Intravenous and Oral Fosfomycin in Hospitalised Neonates With Clinical Sepsis

Neonatal SEPSIS Clinical Trial

— NeoFosfo  

Official title:

Intravenous and Oral Fosfomycin in Hospitalised Neonates With Clinical Sepsis: an Open-label Safety and Pharmacokinetics Study (neoFosfo)

Clinical Trial Details — Status: Completed

Administrative data

• NCT number: NCT03453177
• Other study ID #: Neo-Fos-001
• Status: Completed
• Phase: Phase 2
• Start date: March 15, 2018
• Est. completion date: May 24, 2019

Study information

• Verified date: February 2020
• Source: Drugs for Neglected Diseases
• Contact: n/a
• Is FDA regulated: No
• Study type: Interventional

Clinical Trial Summary

Neonatal sepsis has a high risk of morbidity and mortality. The current WHO and national guidelines recommend antibiotics to which resistance is reported in neonatal populations, although the available data is limited. Research on alternative empirical regimens for neonatal sepsis which are affordable, safe and cost-effective, with a step-down oral option, is needed. AMR is an issue of global public health concern and is one of the WHO's global health priority areas. Understanding the benefits, risks, MIC capacity and PK of fosfomycin will influence global policy on the case management of neonates with sepsis in Kenya and international settings.

Description:

Antimicrobial resistance (AMR) has become a major issue in global health. Despite progress in the reduction of under 5 mortality rates in recent decades, the proportion of neonatal deaths occurring within this age group has increased, with almost one quarter of all neonatal deaths occurring due to serious bacterial infection. Common bacteria causing neonatal sepsis are now exhibiting widespread resistance to several classes of antibiotics. There is an urgent need to discover new, effective treatments and re-evaluate existing therapeutic agents to treat infections potentially caused by multi-drug resistant (MDR) pathogens. Gram-negative bacteria (GNB) predominate as the cause of neonatal sepsis, and are increasingly associated with high rates of resistance to the currently recommended WHO empirical therapy regimen of ampicillin/penicillin and gentamicin. There is therefore a need to develop an updated empiric regimen with improved efficacy in the context of increasing MDR sepsis in neonates. New antimicrobials under development will be expensive once licensed, and there are currently virtually no planned trials to assess their efficacy in neonates in low- and middle-income countries (LMICs).

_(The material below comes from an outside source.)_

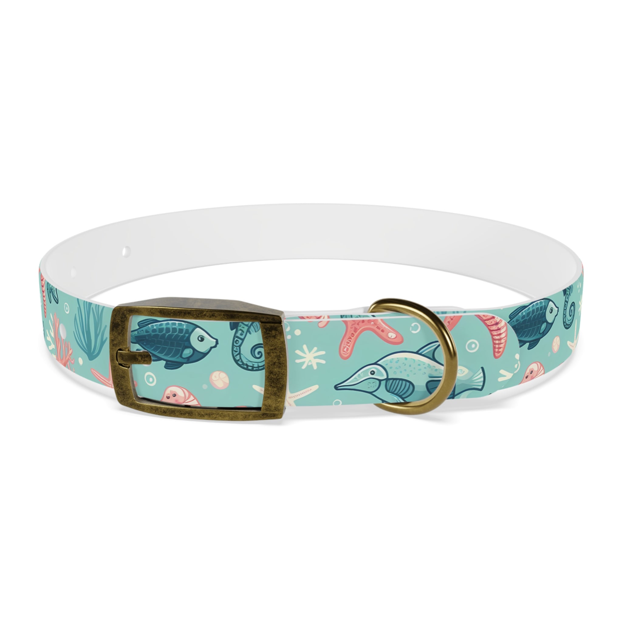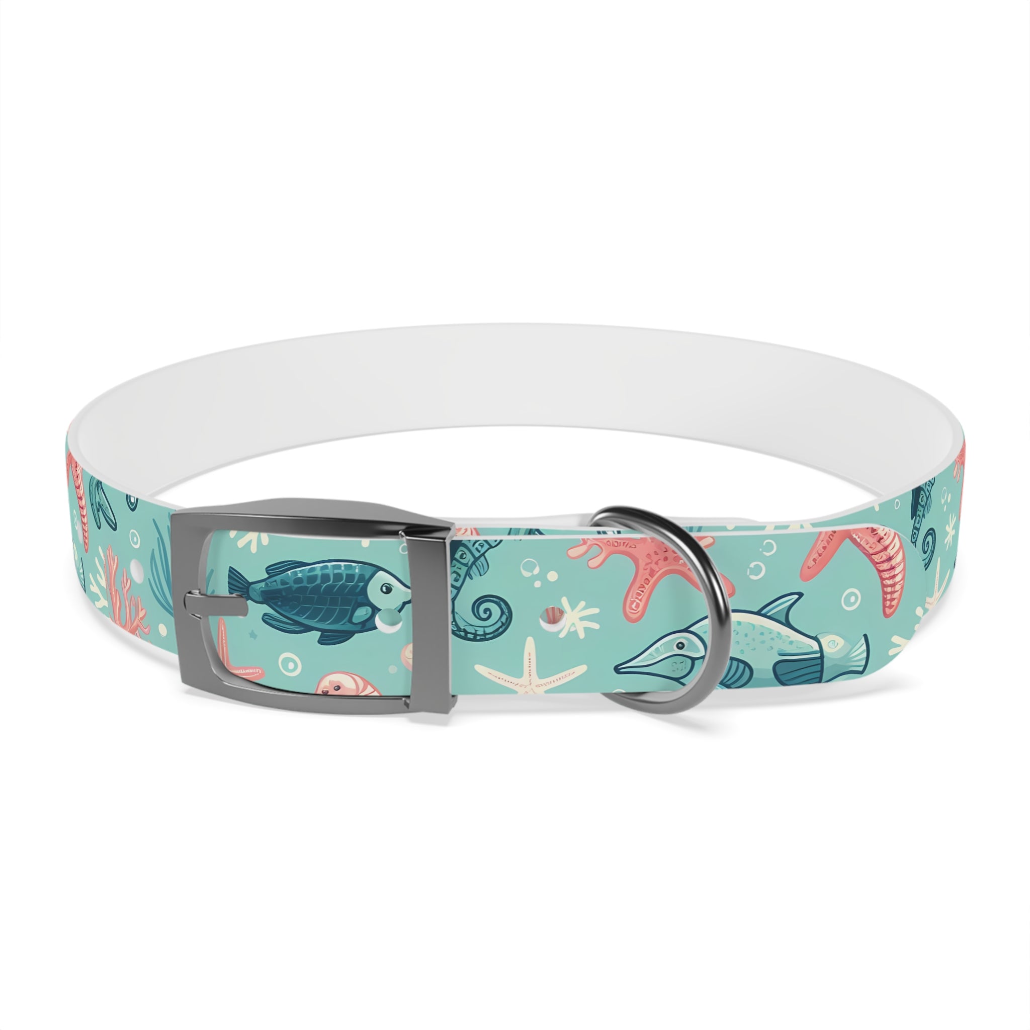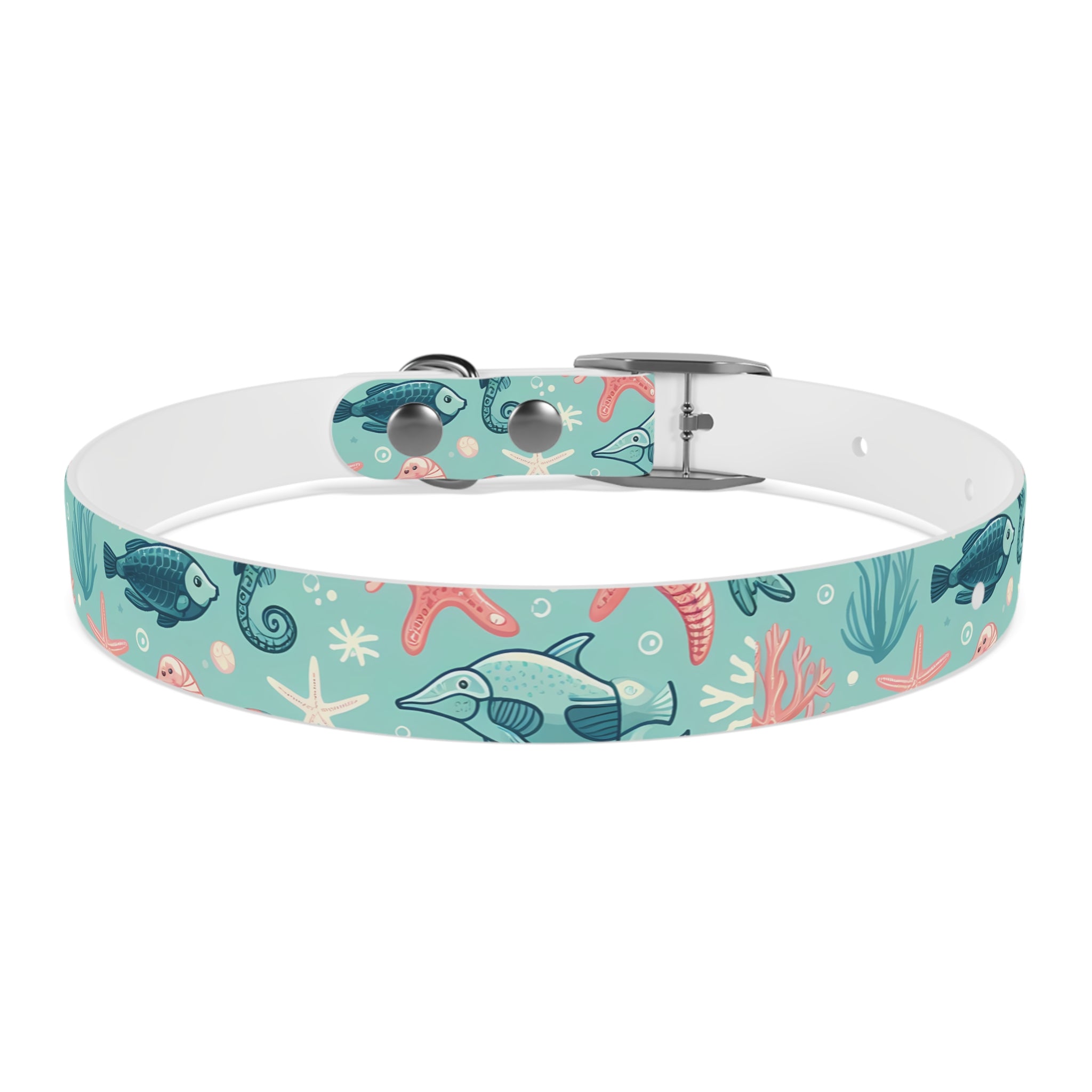 Sea Life Dog Collar — Aqua Fish & Coral Pattern for Pets

One potential strategy is utilising an existing off-patent (and therefore affordable) antibiotic available in intravenous and oral formulations - fosfomycin. Fosfomycin has a wide spectrum of activity against Gram-positive and Gram-negative bacteria causing neonatal sepsis. It is mainly used for resistant urinary tract infections in adults, but has licenced neonatal and paediatric doses in Europe (though dosing regimens vary between countries). Both oral and IV formulations are available. A large clinical trial to assess the efficacy of a fosfomycin plus an aminoglycoside combination (compared to the current WHO recommended ampicillin and gentamicin) is anticipated, including sites in Kenya. The ultimate aim is for fosfomycin to be included in the WHO Essential Medicines List for children (EMLc) and be available for use in developing countries, where rates of resistance to ampicillin and gentamicin have been estimated at over 40%. The first steps before this trial are to clarify the pharmacokinetics (PK) and safety profile of fosfomycin in neonates, as well as generating further information regarding local patterns of bacterial susceptibility to fosfomycin. The aim of this study is to fulfil both these steps. Fosfomycin (IV and oral) PK will be investigated among 60 babies admitted to hospital and being treated for presumed sepsis; administered alongside the standard antibiotics. Another 60 babies receiving standard treatment only (without PK sampling) will be monitored in the same way to compare adverse events. In the laboratory at CGMR-C, previously archived bacterial isolates will be tested for their sensitivity to fosfomycin.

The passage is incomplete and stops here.